人的資本経営における開示項目の一つである社員エンゲージメント。その水準の客観的な把握と向上活動は今後、一層重要性を増すと思われる。今回、コーン・フェリーがグローバルで最新調査を分析したところ、世界でエンゲージメントの新たな潮流が見られた。その示唆を一言で表すと「現状維持は衰退を意味する」となる。今、日本企業が取るべきエンゲージメント対策について解説する。

 

コーン・フェリー シニア クライアント ディレクター 岡部 雅仁

 

22年の社員エンゲージメント動向

社員エンゲージメントは、企業価値に直結する経営の最重要指標の一つであり、日本でも注目度が増している。コーン・フェリーでは毎年、グローバルでの社員エンゲージメント調査データを集計し、外部ベンチマークデータを作成。同社では業績相関性の高い「社員エンゲージメント」と「社員を活かす環境」を結果指標として活用している。岡部氏は社員エンゲージメントが及ぼす影響について次のように語った。

「私どものサーベイの実証研究でも、先ほどの2つの結果指標で上位4分の1に入る高い企業と下位4分の1に入る低い企業で、5年の経年で比較すると売り上げの伸び率や1株あたりの純利益の伸び率など、財務的なパフォーマンスの影響が確認できています。そして、従業員の先にいる顧客の満足度や、社内の生産性、従業員の離職率の改善などと非常に相関性が高いことがエンゲージメントの特徴です」

始めに岡部氏は、社員エンゲージメント、社員を活かす環境の推移を紹介した。21年度実績は好業績企業平均(+2%)、世界平均(+2%)、日本平均(+3%)と、いずれも前年比で上昇傾向が見られている。

「日本平均も、過去数年の停滞から反転の兆しを見せ、コロナ禍も通じたエンゲージメント向上活動の成果が表れ始めています。日本平均は社員エンゲージメント、社員を活かす環境ともに、特定の設問ではなく、全設問で2~4%向上し、全体の水準が共に3%向上していました。
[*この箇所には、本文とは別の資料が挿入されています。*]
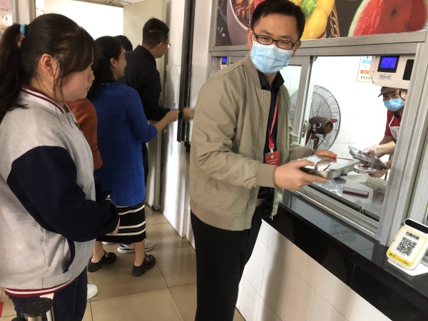 中午,檢查組一行在學校飯堂進行陪餐。與學生一起排隊打卡取餐,并與學生一起進餐,親切交談。用餐期間,周昭堅鎮長親切詢問了就餐學生對飯堂的菜品、味道的意見,并提醒學生要注意營養搭配,避免浪費。

日本で、コロナ禍は決して喜ばしいことではありませんでしたが、それによって働き方や働く意味、会社と組織の関係性において、いろいろな施策が実行されました。その結果として、全体的な水準が高まったと思われます」

次に岡部氏は「社員エンゲージメント」「社員を活かす環境」水準の国別比較を紹介した。日本平均は昨年度より+3%向上したものの、世界全体も上昇トレンドのため、国別比較においては引き続き最下位に留まっている。

「社員エンゲージメント、社員を活かす環境は、業界や業態よりも、労働の雇用環境や法規制を定義する“国”単位での違いが大きい点に特徴があります。そのため、各国の現地法人のエンゲージメント水準を理解するためには、その国毎の外部ベンチマークとの比較が必須となります」

ちなみに「社員エンゲージメント」「社員を活かす環境」水準の業種別比較では、業種別の差異は国別差異よりも小さくなっている。同じ業種の中でも個社の水準の違いが大きく、社員エンゲージメントの水準は「個社×展開国」の基準で理解するのが妥当だ。

次に岡部氏は、社員エンゲージメント、社員を活かす環境の原因指標までを含めた変化について解説した。12の原因指標ごとにレーダーチャートの形式でポイントを比較すると、好業績企業&世界平均と日本平均の差異は引き続き「業務プロセス・組織体制」「戦略・方向性」「品質・顧客志向」の三つで大きくなっていた。

前回比でみると原因指標カテゴリまで含めてみても、好業績企業、世界平均、日本平均共に向上している項目が多くなっている。日本平均の中では「戦略・方向性」「リーダーシップ」「報酬・福利厚生」が各々+2%と原因系カテゴリの中では向上幅が上位になっている。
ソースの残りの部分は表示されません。